═════ Supplied records
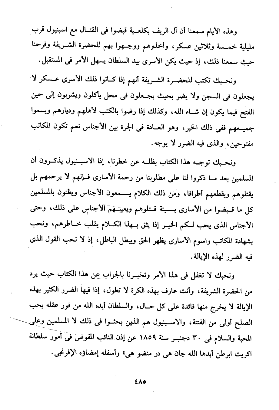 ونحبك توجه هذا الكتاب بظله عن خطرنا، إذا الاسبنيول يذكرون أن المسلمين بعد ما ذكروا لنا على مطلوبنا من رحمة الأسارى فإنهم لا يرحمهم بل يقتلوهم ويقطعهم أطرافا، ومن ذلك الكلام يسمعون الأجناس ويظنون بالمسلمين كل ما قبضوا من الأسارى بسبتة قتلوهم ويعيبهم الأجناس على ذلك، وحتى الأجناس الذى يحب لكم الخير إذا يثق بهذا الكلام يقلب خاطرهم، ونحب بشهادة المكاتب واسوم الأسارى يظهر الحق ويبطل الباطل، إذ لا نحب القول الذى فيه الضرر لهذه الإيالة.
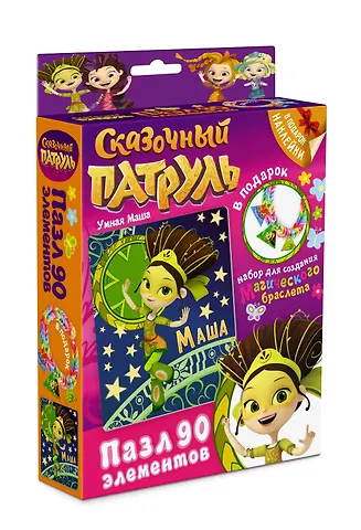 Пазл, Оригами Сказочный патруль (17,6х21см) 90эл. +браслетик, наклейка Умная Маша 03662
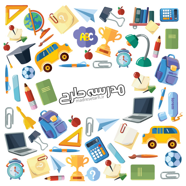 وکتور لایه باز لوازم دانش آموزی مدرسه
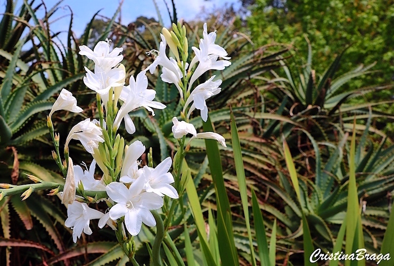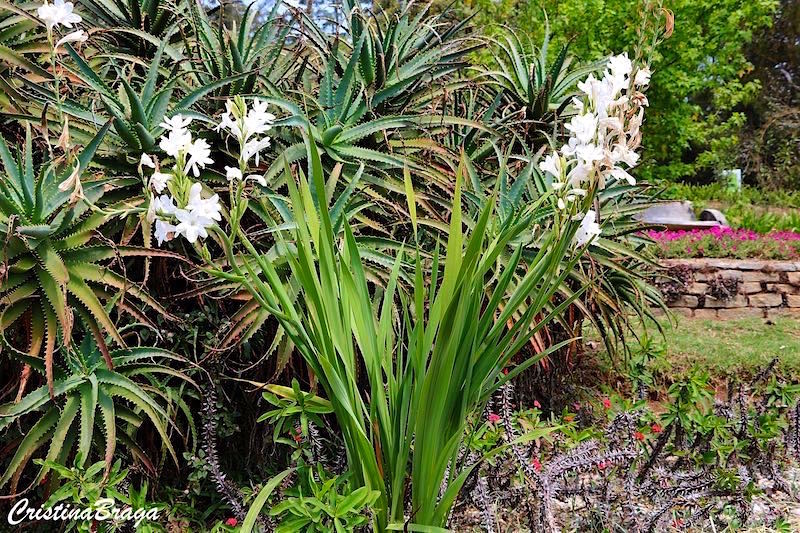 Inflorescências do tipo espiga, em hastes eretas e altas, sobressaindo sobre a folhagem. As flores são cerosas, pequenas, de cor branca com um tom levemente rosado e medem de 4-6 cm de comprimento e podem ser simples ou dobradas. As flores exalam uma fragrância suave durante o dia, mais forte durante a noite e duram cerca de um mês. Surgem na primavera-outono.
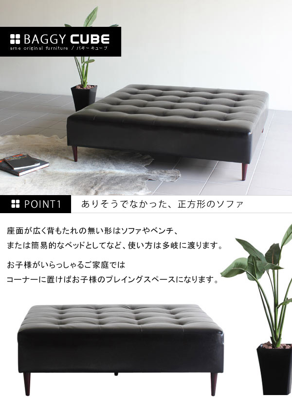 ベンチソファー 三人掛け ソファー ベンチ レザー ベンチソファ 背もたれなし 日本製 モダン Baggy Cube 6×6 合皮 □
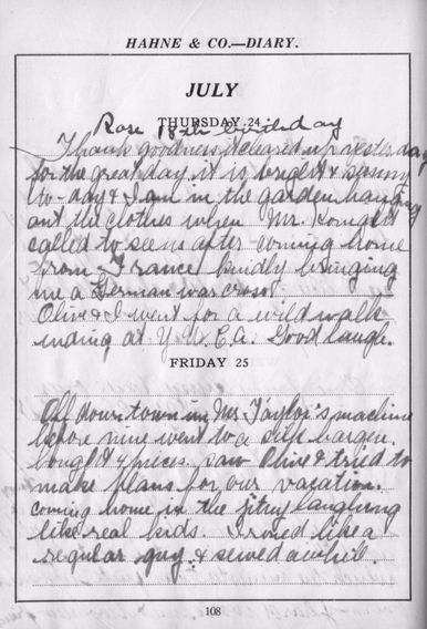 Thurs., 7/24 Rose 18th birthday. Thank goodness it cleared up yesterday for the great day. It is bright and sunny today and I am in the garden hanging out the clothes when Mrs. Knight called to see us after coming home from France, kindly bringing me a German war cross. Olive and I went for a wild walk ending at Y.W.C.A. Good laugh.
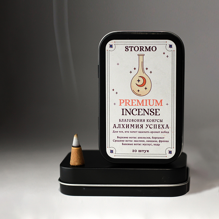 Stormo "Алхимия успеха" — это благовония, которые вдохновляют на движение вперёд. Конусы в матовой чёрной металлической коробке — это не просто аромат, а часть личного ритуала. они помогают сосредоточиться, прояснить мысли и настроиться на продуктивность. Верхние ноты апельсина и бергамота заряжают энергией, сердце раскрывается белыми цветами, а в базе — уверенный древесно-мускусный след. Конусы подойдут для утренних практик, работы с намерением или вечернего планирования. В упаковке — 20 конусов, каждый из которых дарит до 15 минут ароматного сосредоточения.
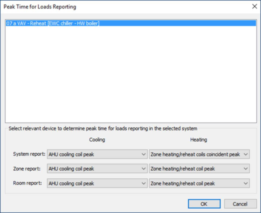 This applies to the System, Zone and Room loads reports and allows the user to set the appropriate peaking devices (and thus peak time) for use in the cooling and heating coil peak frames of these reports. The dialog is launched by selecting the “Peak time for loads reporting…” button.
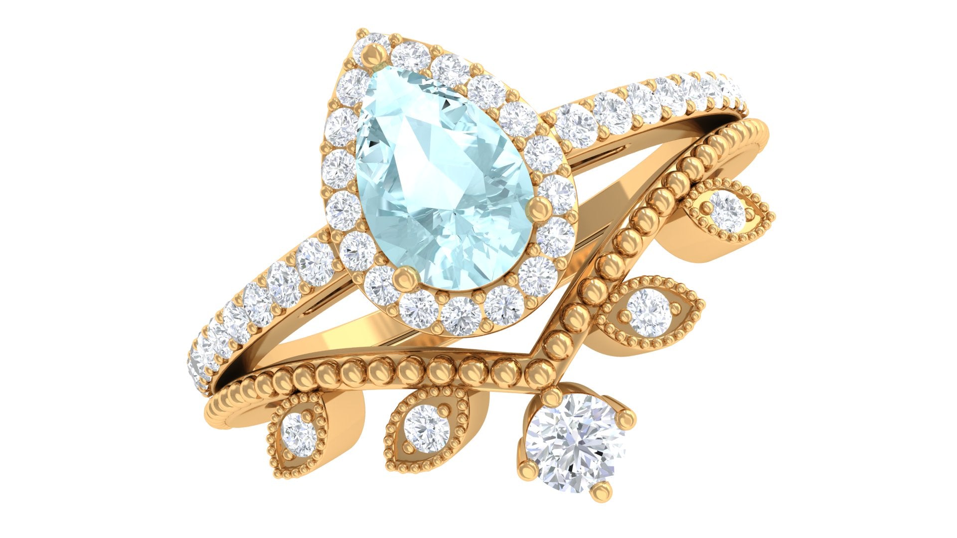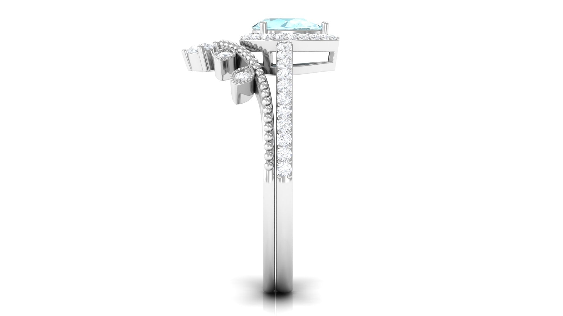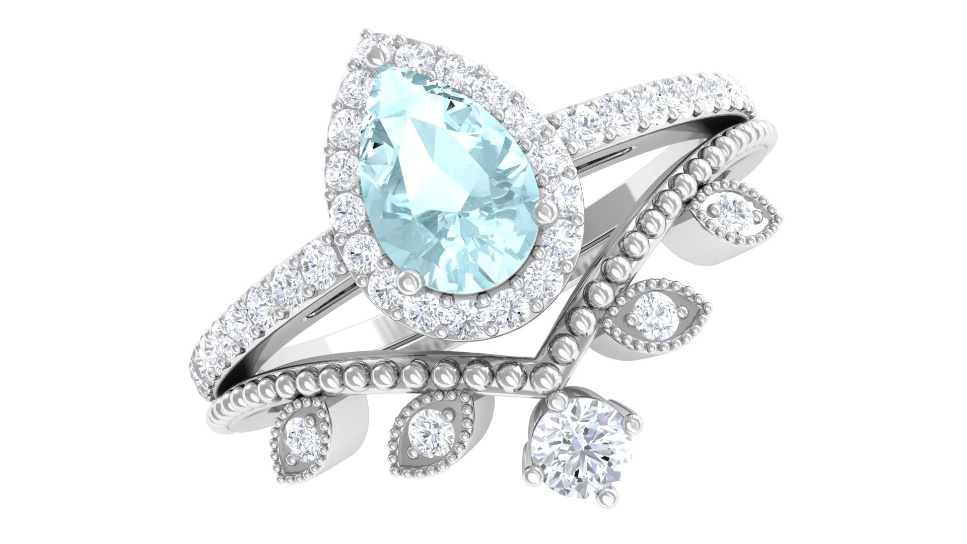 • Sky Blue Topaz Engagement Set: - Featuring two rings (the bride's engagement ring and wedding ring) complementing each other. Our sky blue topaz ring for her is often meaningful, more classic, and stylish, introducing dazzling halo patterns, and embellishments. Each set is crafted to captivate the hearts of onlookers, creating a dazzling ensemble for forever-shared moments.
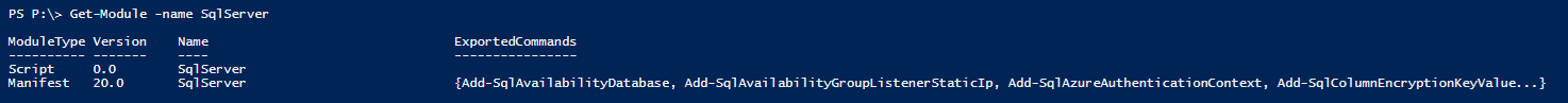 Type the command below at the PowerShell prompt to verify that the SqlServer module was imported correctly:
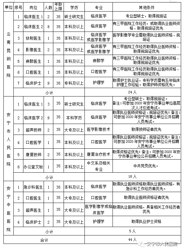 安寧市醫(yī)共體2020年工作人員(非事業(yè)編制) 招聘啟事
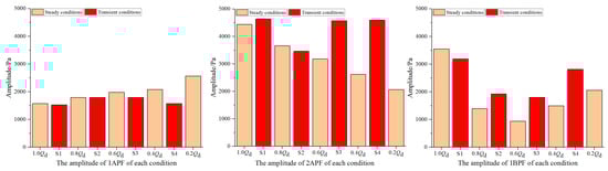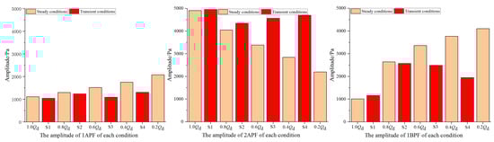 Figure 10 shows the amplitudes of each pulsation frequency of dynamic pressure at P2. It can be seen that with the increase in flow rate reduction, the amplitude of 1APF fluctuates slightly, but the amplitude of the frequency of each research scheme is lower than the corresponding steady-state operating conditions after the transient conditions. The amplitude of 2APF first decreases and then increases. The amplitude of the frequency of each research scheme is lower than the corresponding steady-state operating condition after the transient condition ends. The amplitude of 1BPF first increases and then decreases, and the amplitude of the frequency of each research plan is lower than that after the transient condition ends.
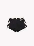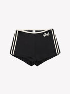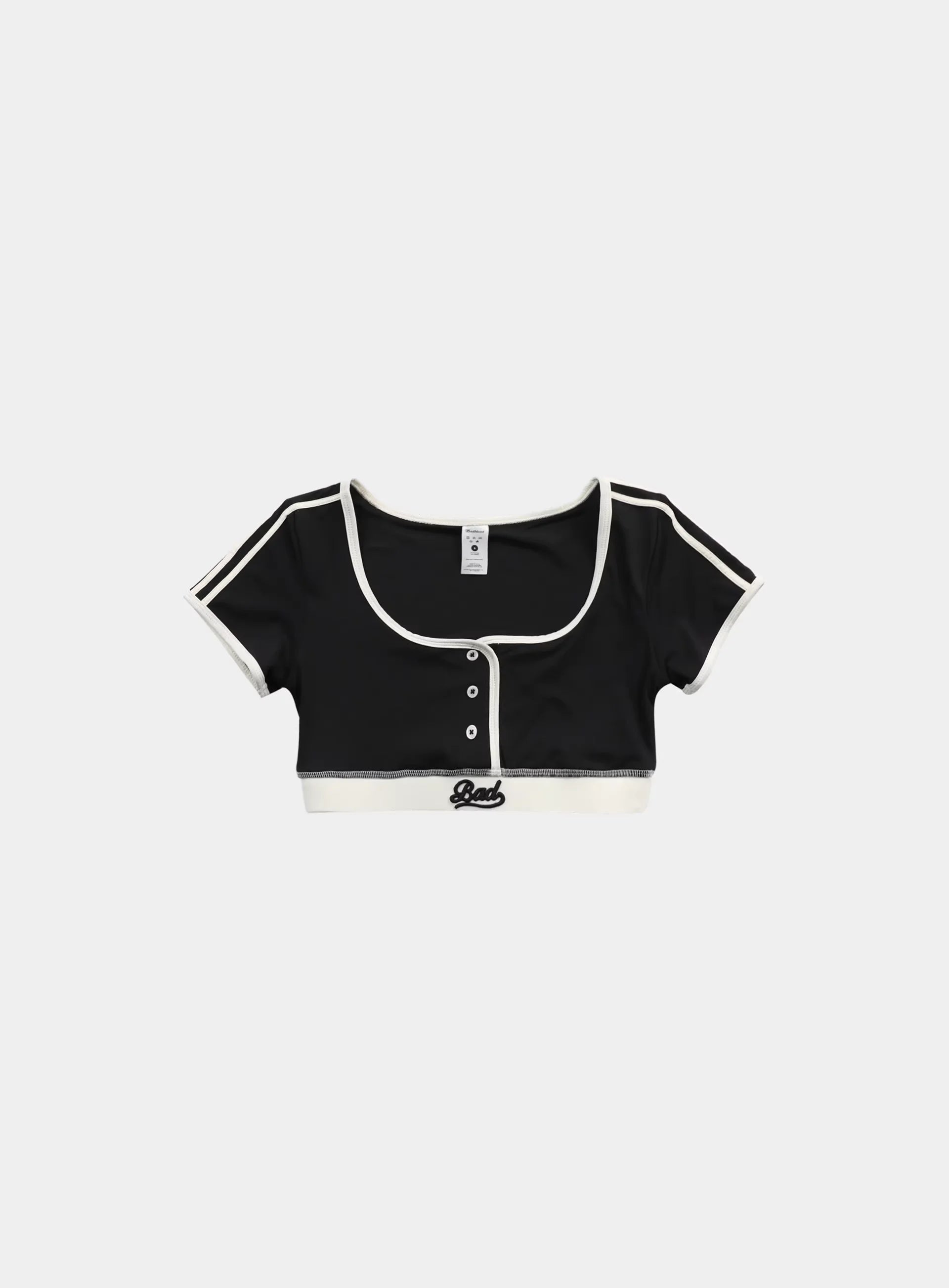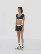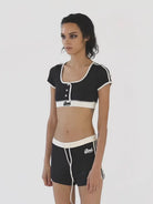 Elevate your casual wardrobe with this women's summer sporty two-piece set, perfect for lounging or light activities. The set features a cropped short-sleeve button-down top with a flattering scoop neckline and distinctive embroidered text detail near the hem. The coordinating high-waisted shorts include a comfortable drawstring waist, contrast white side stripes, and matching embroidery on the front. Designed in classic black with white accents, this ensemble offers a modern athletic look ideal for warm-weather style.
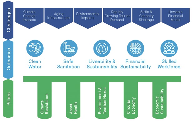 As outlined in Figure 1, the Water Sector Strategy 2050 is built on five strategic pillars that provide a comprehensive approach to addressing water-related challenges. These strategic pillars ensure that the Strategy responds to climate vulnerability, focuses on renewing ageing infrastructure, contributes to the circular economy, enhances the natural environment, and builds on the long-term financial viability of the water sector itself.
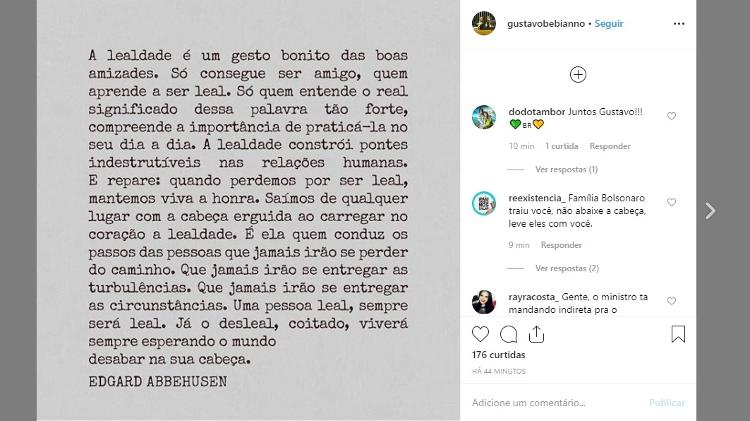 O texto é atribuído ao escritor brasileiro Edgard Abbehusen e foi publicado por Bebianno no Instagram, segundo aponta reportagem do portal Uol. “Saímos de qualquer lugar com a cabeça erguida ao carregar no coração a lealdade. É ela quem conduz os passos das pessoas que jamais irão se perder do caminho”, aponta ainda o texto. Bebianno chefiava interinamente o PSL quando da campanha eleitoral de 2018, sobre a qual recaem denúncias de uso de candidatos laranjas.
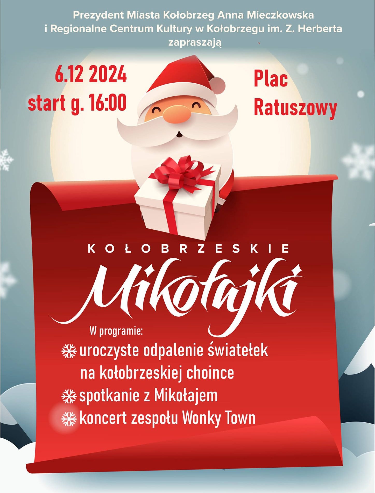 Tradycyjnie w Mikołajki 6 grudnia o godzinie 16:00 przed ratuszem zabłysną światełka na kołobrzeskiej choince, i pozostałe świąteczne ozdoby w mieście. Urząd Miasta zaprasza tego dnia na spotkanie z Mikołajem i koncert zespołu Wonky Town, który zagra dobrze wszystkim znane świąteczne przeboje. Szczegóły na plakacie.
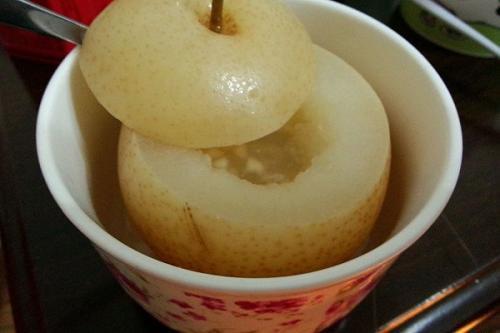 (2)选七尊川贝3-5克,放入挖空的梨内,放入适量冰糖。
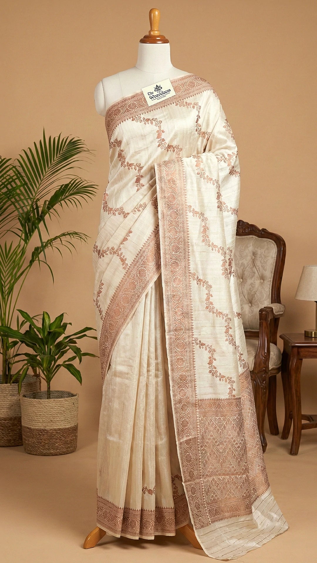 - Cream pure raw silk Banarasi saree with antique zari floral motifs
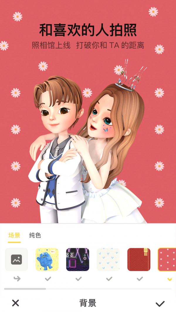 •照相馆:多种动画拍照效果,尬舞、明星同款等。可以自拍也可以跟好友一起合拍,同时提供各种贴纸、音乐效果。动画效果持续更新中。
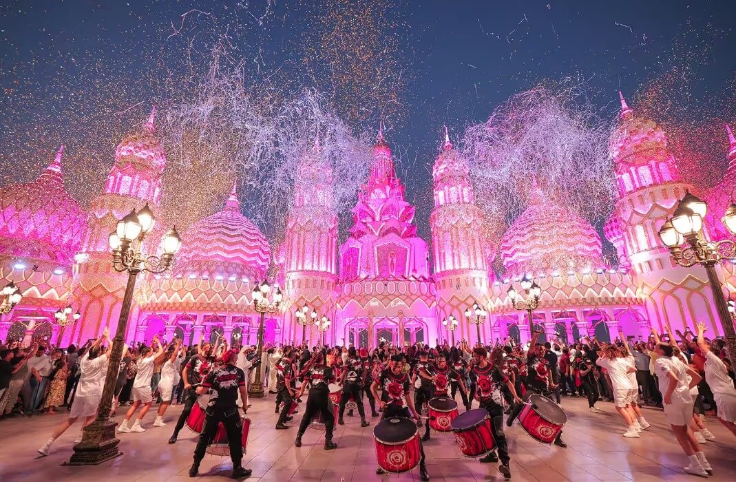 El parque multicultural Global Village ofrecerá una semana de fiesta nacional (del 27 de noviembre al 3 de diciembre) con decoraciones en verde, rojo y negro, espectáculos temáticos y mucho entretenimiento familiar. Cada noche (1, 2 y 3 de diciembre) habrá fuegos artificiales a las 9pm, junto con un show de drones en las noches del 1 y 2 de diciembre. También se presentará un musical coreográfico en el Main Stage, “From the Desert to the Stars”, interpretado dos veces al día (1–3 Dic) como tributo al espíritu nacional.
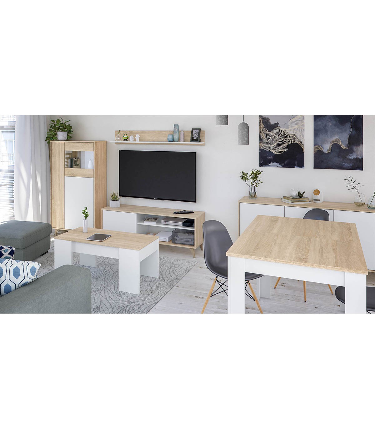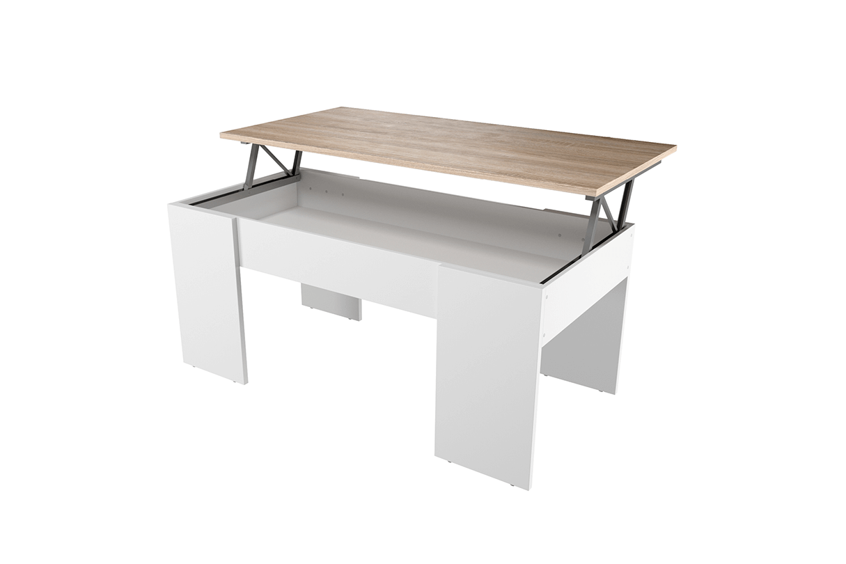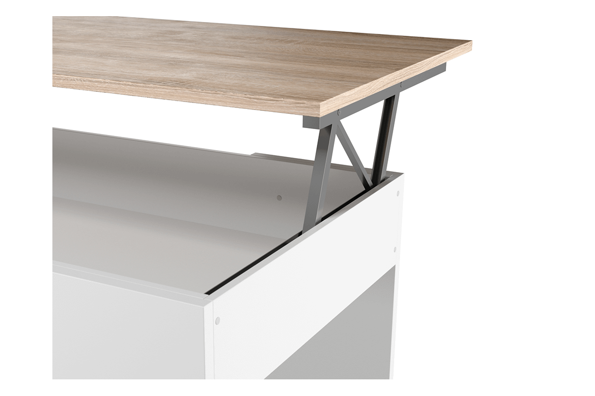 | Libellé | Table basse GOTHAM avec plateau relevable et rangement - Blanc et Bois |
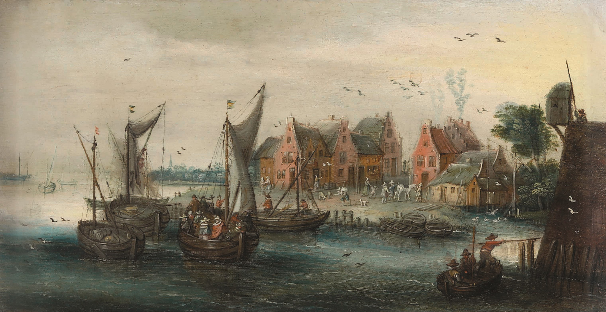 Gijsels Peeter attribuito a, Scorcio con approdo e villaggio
══════════
§ **Exercise prompt**
Without the pictures, set down the lines above from the line with "O texto é atribuído" up to and including the line with "(2)选七尊川贝3-5克,放入挖空的梨内,放入适量冰糖。" exactly as they stand.

§ **Response area**
 O texto é atribuído ao escritor brasileiro Edgard Abbehusen e foi publicado por Bebianno no Instagram, segundo aponta reportagem do portal Uol. “Saímos de qualquer lugar com a cabeça erguida ao carregar no coração a lealdade. É ela quem conduz os passos das pessoas que jamais irão se perder do caminho”, aponta ainda o texto. Bebianno chefiava interinamente o PSL quando da campanha eleitoral de 2018, sobre a qual recaem denúncias de uso de candidatos laranjas.
 Tradycyjnie w Mikołajki 6 grudnia o godzinie 16:00 przed ratuszem zabłysną światełka na kołobrzeskiej choince, i pozostałe świąteczne ozdoby w mieście. Urząd Miasta zaprasza tego dnia na spotkanie z Mikołajem i koncert zespołu Wonky Town, który zagra dobrze wszystkim znane świąteczne przeboje. Szczegóły na plakacie.
 (2)选七尊川贝3-5克,放入挖空的梨内,放入适量冰糖。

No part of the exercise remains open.